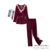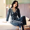 Women Clothing Sets Winter Plus Size Silk Velvet Tops for Women Sleepwear Lingerie Set Velvet Sleepwear Plants Sleep Tops
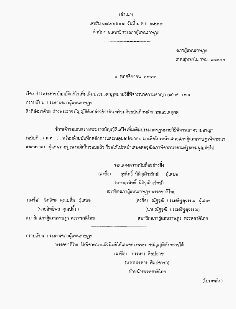 • ร่างพระราชบัญญัติแก้ไขเพิ่มเติมประมวลกฎหมายวิธีพิจารณาความอาญา (ฉบับที่ ..) พ.ศ. .... (นายสุรสิทธิ์ นิติวุฒิวรรักษ์ กับคณะ เป็นผู้เสนอ)
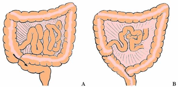Fig.7 - Ceco-sigmoidostomie: A. latero-laterala; B. in Y (5)

————

TASK ITEM
Every line above should be output exactly, except for the pictures.

SOLUTION TO THIS TASK
 Women Clothing Sets Winter Plus Size Silk Velvet Tops for Women Sleepwear Lingerie Set Velvet Sleepwear Plants Sleep Tops
 • ร่างพระราชบัญญัติแก้ไขเพิ่มเติมประมวลกฎหมายวิธีพิจารณาความอาญา (ฉบับที่ ..) พ.ศ. .... (นายสุรสิทธิ์ นิติวุฒิวรรักษ์ กับคณะ เป็นผู้เสนอ)
Fig.7 - Ceco-sigmoidostomie: A. latero-laterala; B. in Y (5)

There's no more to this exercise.